第二百八十八話:狂気の節税ポイ活。外来種ベヒモス・エスカルゴの駆除と、背徳のガーリックバター壺焼き
「はぁ……。額面400万、手取り80万……。80パーセントの税金……」
極上の香草鹿の分厚いローストを平らげた後、俺はキャンピングカーのリビングで膝を抱え、完全に魂が抜けた顔でブツブツと呪詛を呟いていた。

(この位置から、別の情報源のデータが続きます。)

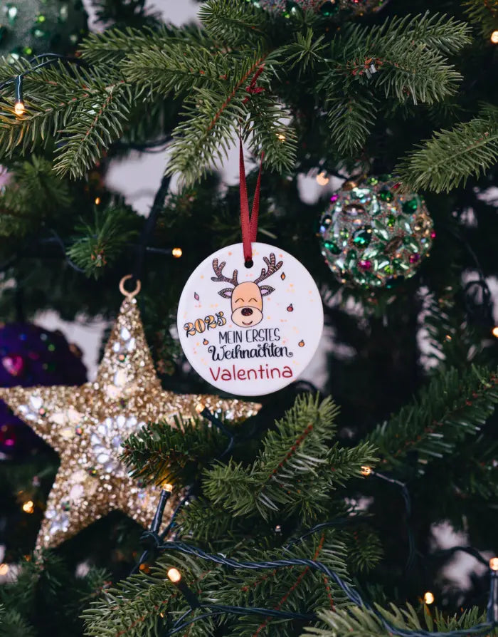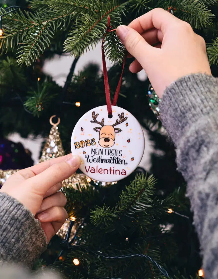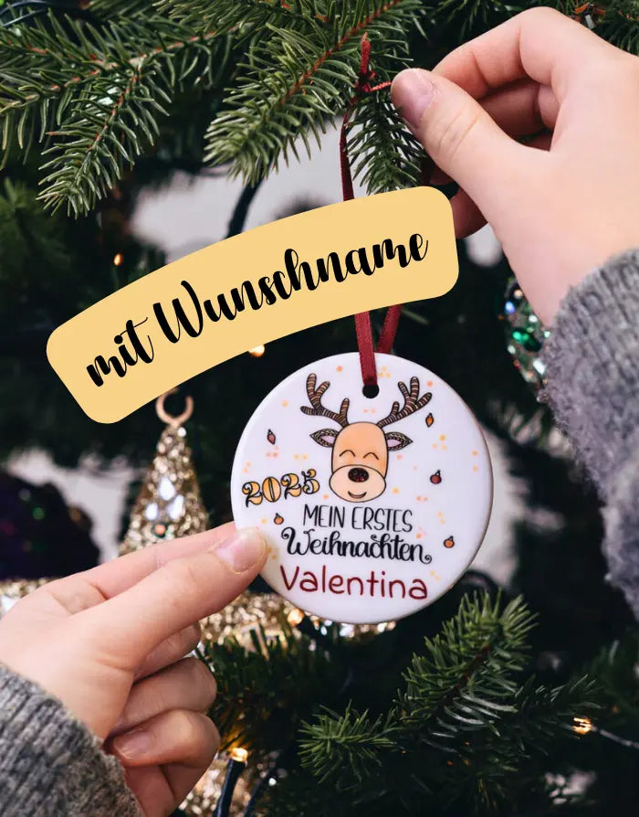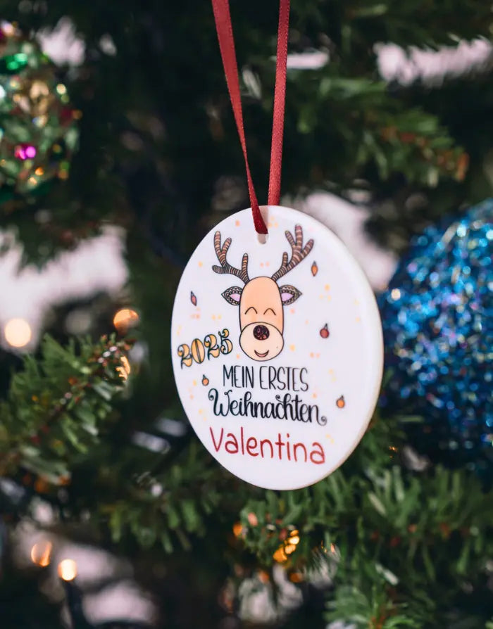 Keramikhänger "Erstes Weihnachten - Rentier" mit Wunschname
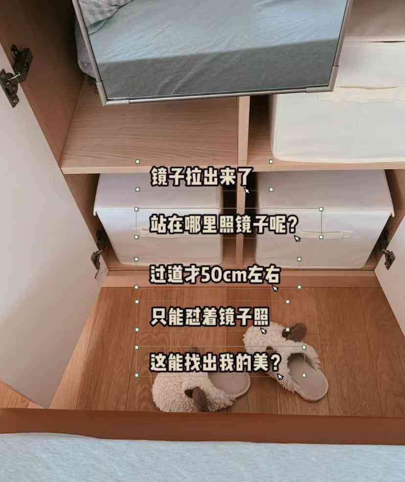 然而后续在多次的整理工作中,才发现这种隐形穿衣镜绝对是鸡肋中的鸡肋,虽然说是可以推拉伸缩,可是轨道和镜面就占据了一定空间。

美味かった。肉は間違いなく最高に美味かったが、あの『自然環境保全税』という名の無慈悲なペナルティが、俺のポイ活魂に致命的なトラウマを植え付けていた。
「ル、ルークス様……。どうか元気を出してくださいませ。お肉、とっても美味しかったですわよ?」
「エレナ様、俺はもうダメです。神話級の魔物を命懸けで狩っても、システムに『保護指定だ』と言いがかりをつけられて8割もピンハネされるなら、1億ポイントなんて一生貯まりません。俺の黄金林檎の夢は終わりました。スローライフ終了です」
腐葉土のように暗く沈み込む俺を見かねて、エルフの少女・シルフィがおずおずと声をかけてきた。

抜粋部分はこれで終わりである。